What I'm trying (and apparently failing?) to ask is, what would a step on the path towards AGI look like? What could an AI accomplish that would make you say "GPT-3 and such were merely search engines through training data, but this is clearly a step in the right direction"?


> What I'm trying (and apparently failing?) to ask is, what would a step on the path towards AGI look like?

That's an honest and great question. My personal answer would be to have a program do something it was never trained to do and could never exist in the corpus. And then have it do another thing it was never trained to do, and so on.

If GPT-3 could say 1) never receive any more input data or training, and then 2) read an instruction manual for a novel game that shows up a few years from now (so it can't be replicated from the corpus), and 3) plays that game, and 4) improves at that game, that would be "general" imo. It would mean there's something fundamental with its understanding of knowledge, because it can do new things that would have been impossible for it to mimic.

The more things such a model could do, even crummily, would go towards it being a "general" intelligence. If it could get better at games, trade stocks and make money, fly a drone, etc. in a mediocre way, that would be far more impressive to me than a program that could do any of those things individually well.


If a program can do what you described, would it be considered a human-level AI yet? Or would there be some other missing capabilities still? This is an honest question.

I intentionally don’t use the term AGI here because human intelligence may not be that general.


> human intelligence may not be that general

Humans have more of an ability to generalize (ie learn and then apply abstractions) than anything else we have available to compare to.

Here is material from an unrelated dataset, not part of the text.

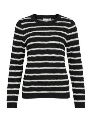 VILA Gebreid vest ‘VITrut’ zwart / wit

> would it be considered a human-level AI yet

Not necessarily human level, but certainly general.

Dogs don't appear to attain a human level of intelligence but they do seem to be capable of rudimentary reasoning about specific topics. Primates are able to learn a limited subset of sign language; they also seem to be capable of basic political maneuvering. Orca whales exhibit complex cultural behaviors and employ highly coordinated teamwork when hunting.

None of those examples appear (to me at least) to be anywhere near human level, but they all (to me) appear to exhibit at least some ability to generalize.


From grandparent post:

> 2) read an instruction manual for a novel game that shows up a few years from now (so it can't be replicated from the corpus), and 3) plays that game, and 4) improves at that game, that would be "general" imo.

I would say that learning a new simple language, basic political maneuvering, and coordinated teamwork might be required to play games well in general, if we don't exclude any particular genre of games.

Complex cultural behaviors might not be required to play most games, however.

I think human intelligence is actually not very 'general' because most humans have trouble learning & understanding certain things well. Examples include general relativity and quantum mechanics and, some may argue, even college-level "elementary mathematics".


Give it an algebra book and ask to solve the exercises at the end of the chapter. If it has no idea how to solve a particular task, it should say “give me a hand!” and be able to understand a hint. How does that sound?


That makes me think we are closer rather than farther away because all that would be needed is for this model to recognize the problem space in a question:

“Oh, you are asking a math question, you know a human doesn’t calculate math in their language processing sections of their brain right, neither do I... here is your answer”

If we allowed the response to delegate commands, it could start to achieve some crazy stuff.